Of other Republican senators:
- Rand Paul, is also against the latest repeal bill
- Susan Collins said she was "leaning against the bill" because she was worried the legislation did not do enough to protect patients with pre-existing conditions
- Lisa Murkowski, Dan Sullivan, Rob Portman and Jerry Moran are undecided
Back to the drawing board
Analysis by Anthony Zurcher, BBC North America reporter
As several Republican senators explained - ones who were firm "yesses" - the main attraction for the plan was that it was the only plan on the table.
Now it appears Republicans will have to go back to the drawing board.
Although the end of September is the deadline for passing a bill with a simple majority in the Senate for this federal budget, there's no reason the party couldn't start the wheels turning for another vote next year - or, conceivably, simply change the rules, as Donald Trump has suggested.
None of that will alter the simple dynamic that made itself clear over the course of the past months, however.
The Republican Party, despite campaigning ferociously for Obamacare repeal for nearly seven years, could never agree on how to turn those promises into reality without sending the healthcare industry into a tailspin.
The Republican leadership had evidently hoped Senator Lindsey Graham, one of the bill's authors, might be able to persuade his close friend Mr McCain to back the measure.
Undeterred, Mr Graham vowed: "We press on."
US Vice-President Mike Pence said the so-called Graham-Cassidy bill was the "last best chance" to repeal Obamacare.
President Trump has been phoning lawmakers and state governors in a bid to tilt the scales in favour of the bill but several Republican governors this week also criticised the process as rushed.
And 16 major medical groups issued a joint statement against the Republican legislation.
Senate Majority Leader Mitch McConnell was planning to bring the legislation to a vote next week but it is unclear now if that will go ahead.
Republicans are still reeling from the collapse in July of their efforts to secure Senate passage of previous legislation to repeal Obamacare.

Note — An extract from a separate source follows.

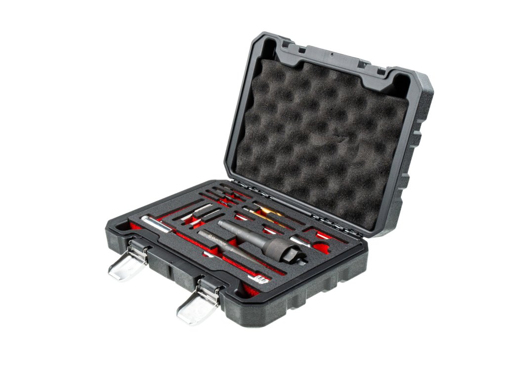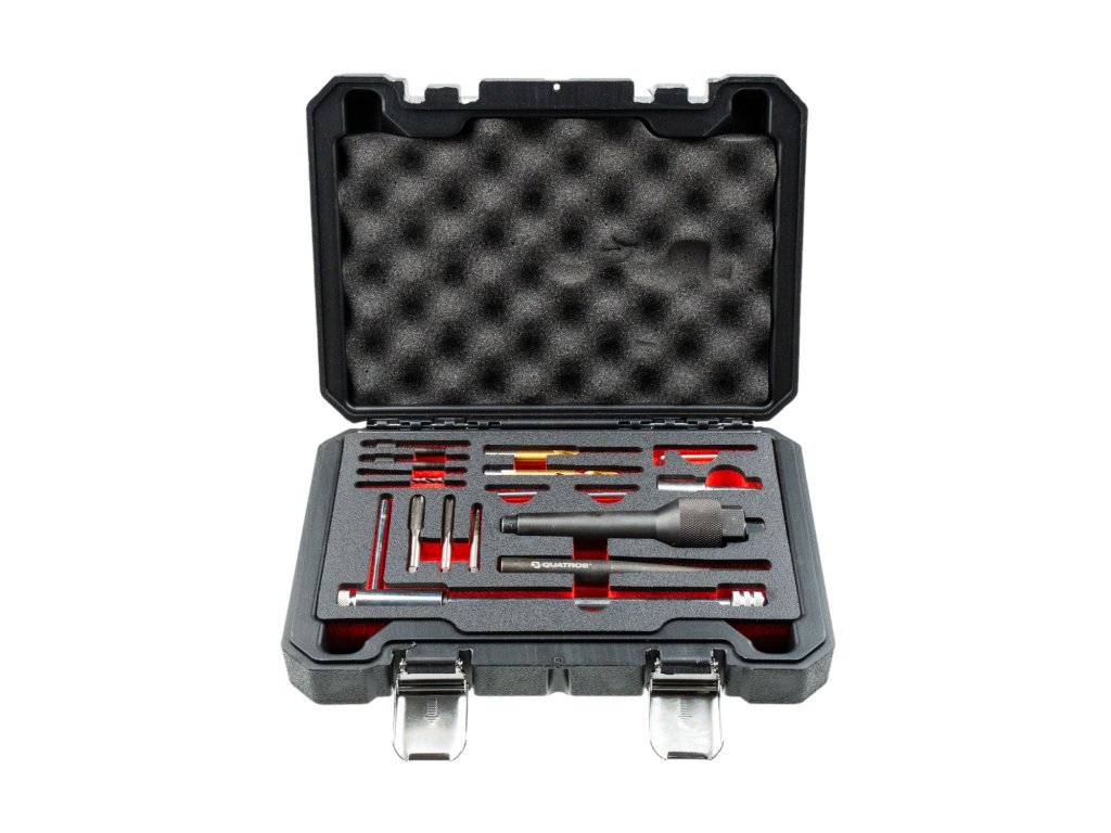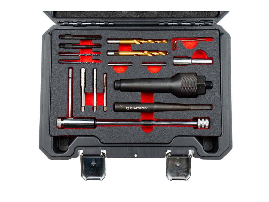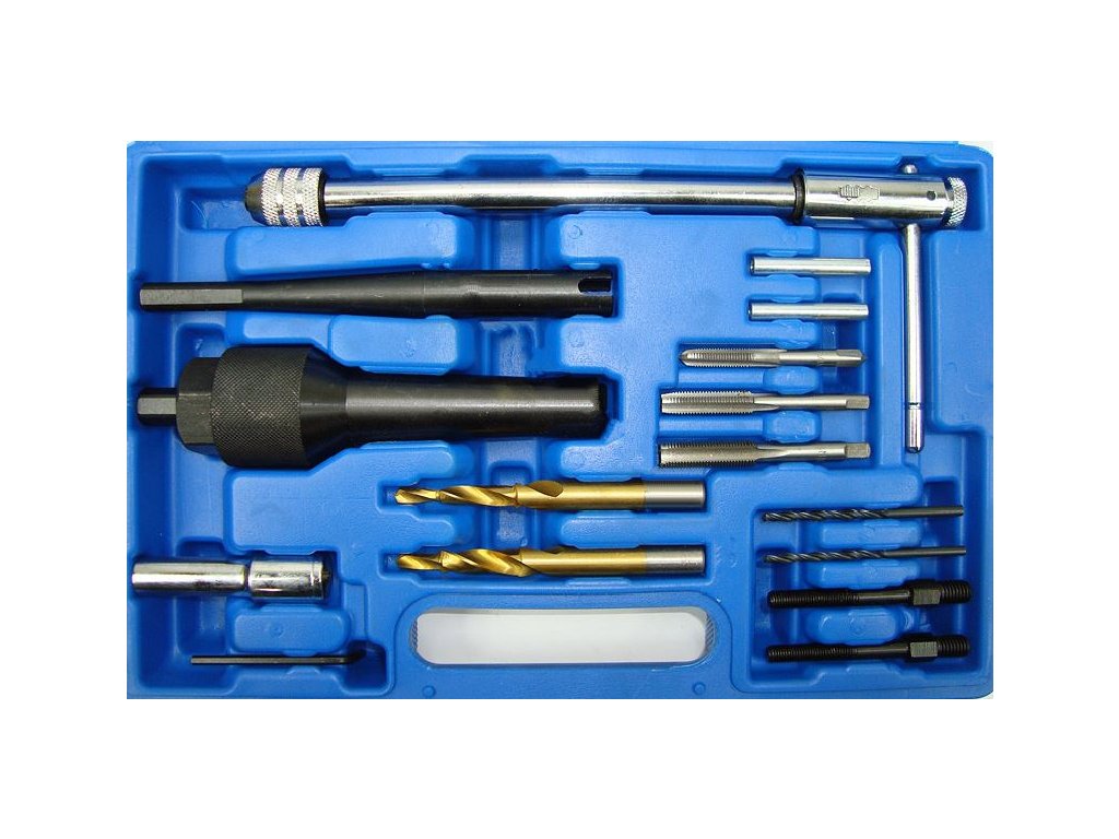 Súprava pre odstránenie poškodených, zalomených žeraviacich sviečok 8 mm a 10 mm. Oprava môže byť vykonaná bez odstránenia hlavy. V tomto prípade sa namiesto príslušného vstrekovacieho ventilu, má byť namontovaný Pneumatický adaptér. Stlačený vzduch zabráni vstupu spracovanie zvyškov žhaviace sviečky do spaľovacej komory. Sada obsahuje všetky prvky potrebné pre bezpečnú demontáž poškodené sviečky a opravu závitu v hlave valcov.

A dramatic late-night "no" vote from Mr McCain - just days after he was diagnosed with an aggressive brain tumour - sank that bill, too.

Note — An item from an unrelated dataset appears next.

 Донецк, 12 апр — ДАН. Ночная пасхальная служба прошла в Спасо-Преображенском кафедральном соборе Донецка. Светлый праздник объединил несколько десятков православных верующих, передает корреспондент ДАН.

According to analysis by the non-partisan Brookings Institution, if the Graham-Cassidy bill were to pass, 32 million fewer Americans would have health insurance by 2027.
The new bill would give states money in block grants to run their own healthcare programmes.
But critics say that when left to the states, the money going into the Medicaid programme for people on low incomes would diminish.
Republicans have long deplored Obamacare, known formally as the Affordable Care Act, as government overreach into the US healthcare system.